Lowe Syndrome, also known as oculo-cerebro-renal syndrome (OCRL), an X-linked genetic condition occurring almost exclusively in males, is a multisystem disorder characterized by vision problems including clouding of the lenses of the eyes (cataracts) that are present at birth, kidney problems (consisting in urinary loss of proteins and solutes) that usually develop in the first year of life, and brain abnormalities associated with intellectual disabilities, and a life span that rarely exceeds 40 years. Lowe Syndrome prevalence is estimated at approximately 1 in 500,000. Can-Fite estimates the total addressable market for the treatment of Lowe Syndrome at approximately $100 million in the U.S. alone, based on incidence and cost of treatment for other rare genetic pediatric syndromes.

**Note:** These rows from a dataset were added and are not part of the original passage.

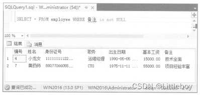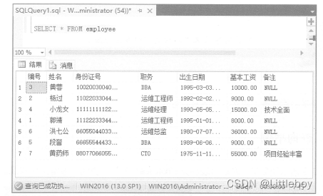 例:将employee表中所有员工的姓名、身份证号和职务生成一个新表new01中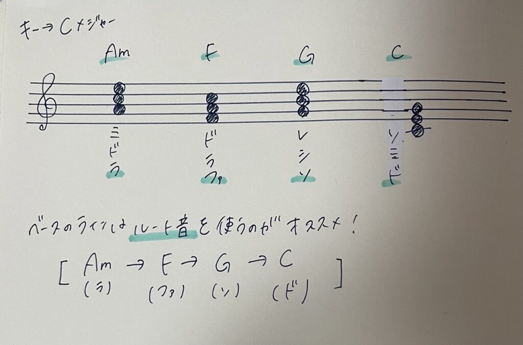 キーはCメジャー、コード進行はAm→F→G→Cとしましょう。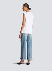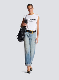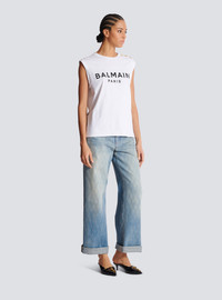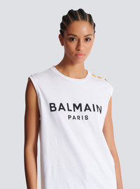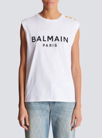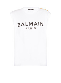 Balmain Paris tank top - Relaxed fit - Round neck with ribbed trim - 3 decorative embossed gold metal buttons on the shoulder - Armholes with double turn-up - Contrasting Balmain Paris logo printed on the front - Model measures 179cm and wears a size S - Main material: 100% cotton - Made in Portugal - Item: CF1ED001BB02100% of the cotton fibres used to make this garment are certified and organically farmed

The Company is not aware of any drug candidates currently in development for the systemic treatment of Lowe Syndrome. As a rare genetic pediatric disorder, Lowe Syndrome may qualify for Orphan Drug Designation by the U.S. Food and Drug Administration (FDA) and the European Medicines Agency (EMA), granting special development status to accelerate development at a reduced cost. The FDA?s Orphan Drug designation grants 7 years of market exclusivity, tax credits, waiver of the Prescription Drug User Fee Amendments fee (currently $3.1 million in 2022), and access to additional grants and support from the FDA.

Piclidenoson for the treatment of Lowe Syndrome may also qualify for the FDA?s Rare Pediatric Disease Priority Review Voucher, granting an accelerated review process for marketing approval.